[THE TASK] Send back the line that contains "72047002 alte Postkarte" and all lines following it through the end of the data below, exactly, omitting pictures.

[SUPPLIED MATERIAL]
▽
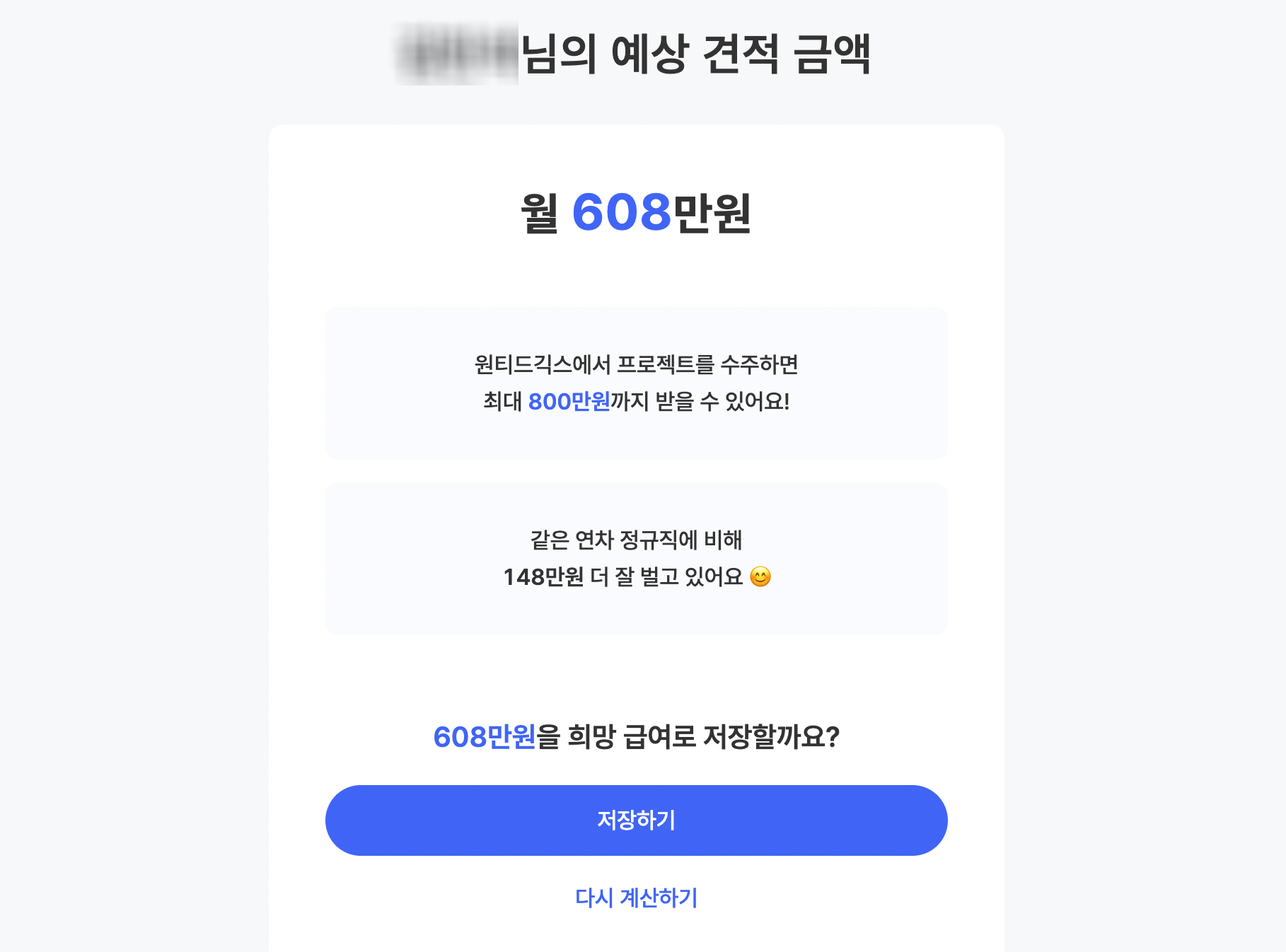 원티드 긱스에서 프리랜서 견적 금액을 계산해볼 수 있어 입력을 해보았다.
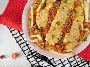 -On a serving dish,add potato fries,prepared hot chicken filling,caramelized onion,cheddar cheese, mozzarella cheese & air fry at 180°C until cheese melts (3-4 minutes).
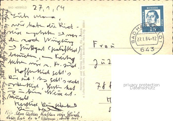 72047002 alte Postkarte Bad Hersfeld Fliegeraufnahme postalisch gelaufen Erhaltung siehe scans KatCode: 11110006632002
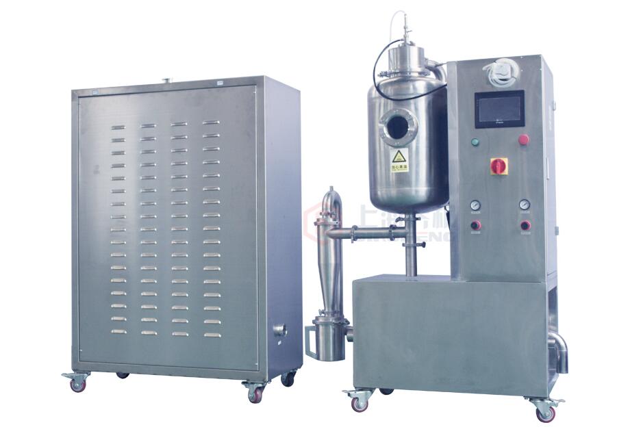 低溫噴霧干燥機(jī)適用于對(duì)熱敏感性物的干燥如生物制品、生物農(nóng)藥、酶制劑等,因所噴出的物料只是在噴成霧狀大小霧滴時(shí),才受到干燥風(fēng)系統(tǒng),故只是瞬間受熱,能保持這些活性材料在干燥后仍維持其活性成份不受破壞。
△
[SOLUTION FOR THIS EXERCISE]
 72047002 alte Postkarte Bad Hersfeld Fliegeraufnahme postalisch gelaufen Erhaltung siehe scans KatCode: 11110006632002
 低溫噴霧干燥機(jī)適用于對(duì)熱敏感性物的干燥如生物制品、生物農(nóng)藥、酶制劑等,因所噴出的物料只是在噴成霧狀大小霧滴時(shí),才受到干燥風(fēng)系統(tǒng),故只是瞬間受熱,能保持這些活性材料在干燥后仍維持其活性成份不受破壞。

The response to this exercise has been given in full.